The tricky bits: first, it’s completely legal for $c and/or $d to be 0. That causes a division by zero error in Niecza. So I added a check for each, setting the result of the division to Inf when it needs to be. The second thing is what happens when the given continued fraction runs out of values. In that case, the next value is implicitly Inf. That’s well and good, but mjd somehow performs magic with it. I don’t understand what the heck he was doing there, but I can imitate the result. Here it all is in one function:

sub z($a is copy, $b is copy, $c is copy, $d is copy, @x) {
    gather loop {
        my $a-div-c = $c ?? $a div $c !! Inf;
        my $b-div-d = $d ?? $b div $d !! Inf;
        last if $a-div-c == Inf && $b-div-d == Inf;
        if $a-div-c == $b-div-d {
            my $n = $a-div-c;
            ($a, $b, $c, $d) = ($c, $d, $a - $c * $n, $b - $d * $n);
            take $n;
        } else {
            if @x {
                my $p = @x.shift;
                ($a, $b, $c, $d) = ($b, $a + $b * $p, $d, $c + $d * $p);
            } else {
                ($a, $b, $c, $d) = ($b, $b, $d, $d); # WHY????
            }
        }
    }
}

And there you have it! I’m still a bit worried about the edge cases (I haven’t tested negative numbers yet, for instance), but I think it clearly points the way onto the full HAKMEM z function.

Continued Fractions

March 13, 2012

Four months ago I created Math::ContinuedFractions on Github. But I didn’t actually post any code to it. But I’ve finally started, pushing t/00-experiments.t. It’s very simple so far, but that’s because I’m slowly feeling my way through this unfamiliar subject.

I tried to link the Wikipedia equation graphic for a continued fraction, but that just lost me the first draft of this post, so instead I’ll link to the Wikipedia page. It is the source of our first algorithm, for converting a number to a continued fraction:

sub make-continued-fraction (Real $x is copy) {
    gather loop {
        my $a = $x.floor;
        take $a;
        $x = $x - $a;
        last if $x == 0;
        $x = 1 / $x;
    }
}

This returns the components of the continued fraction as a lazy list. It passes the first few simple tests I’ve thrown at it, but I’m a bit worried about $x = 1 / $x. Should this maybe be FatRat math instead of normal math? I’m not clear on the implications one way or the other.

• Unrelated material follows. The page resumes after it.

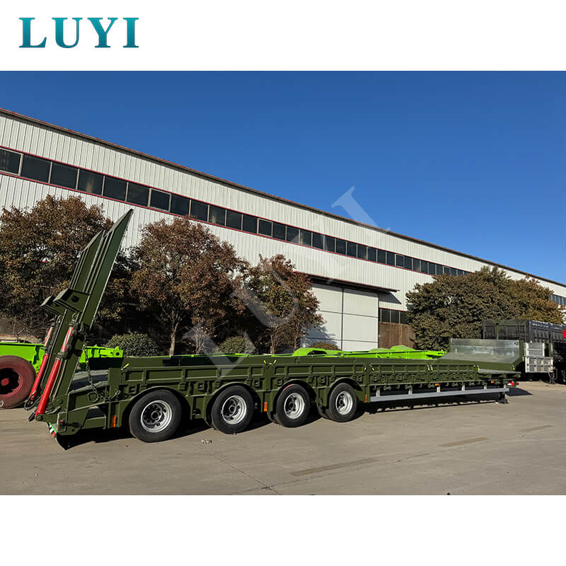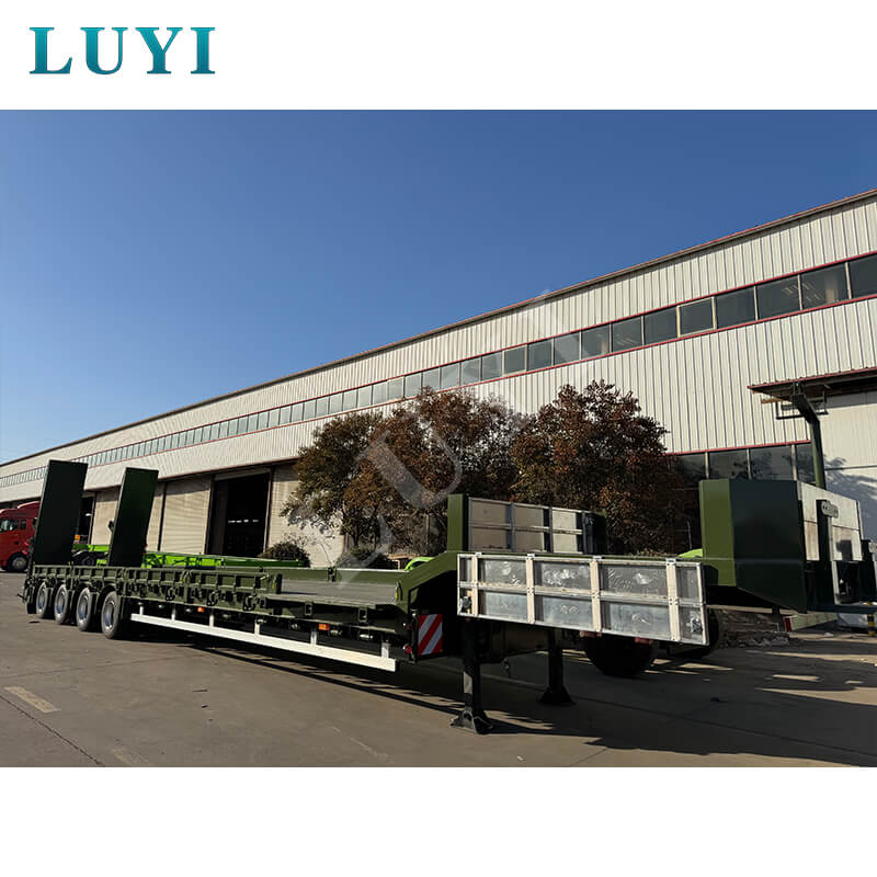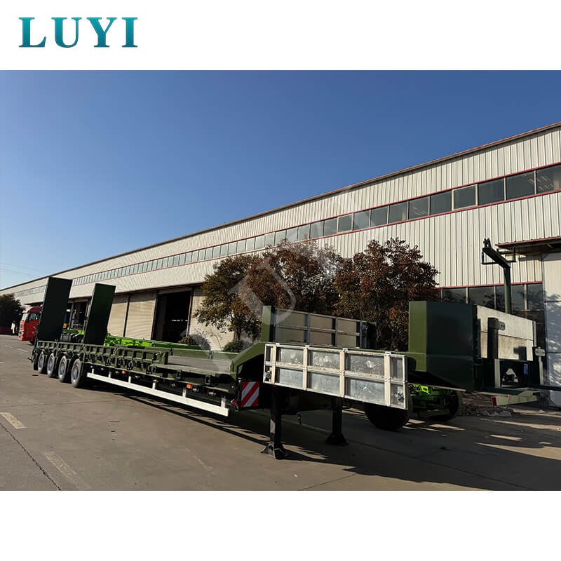 LUYI 4-akslet 60-tons svanehals-sænkevogn med lav seng, et helt nyt produkt fra Shandong, Kina, er en professionel lastbiltrailer designet til tung lasttransport. Det anvender højkvalitetsstål som hovedmateriale med en standardstørrelse på 13m×3m×2,5m og en maksimal nyttelast på 60 tons for at imødekomme tunge transportbehov.

Unfortunately, the Wikipedia page doesn’t shed any light on how to do basic arithmetic on continued fractions. HAKMEM gives a complete overview on basic continued fraction arithmetic, but I find it quite hard going. MJD has a nifty talk on the subject, including some algorithms I hope to implement soon. Unfortunately, he doesn’t get into the tricky stuff.

Luther Tychonievich has a nice blog post on the subject which brings up a problem I have not seen mentioned elsewhere. Some pretty basic operations may not work because they need every (infinite) input term to determine the first output term. His example is squaring the square root of 2. As I understand it, the problem is that the first term (the integer part) flits back and forth between 1 and 2 as each addition term is fed to the code. It can never settle down on one or the other.

Incidentally, my code fails miserably in Rakudo, but works in Niecza. Unfortunately for this project, Niecza cannot currently handle overloading the arithmetic operators for a new type, which means I’ll have to figure out how to get things working on Rakudo at some point.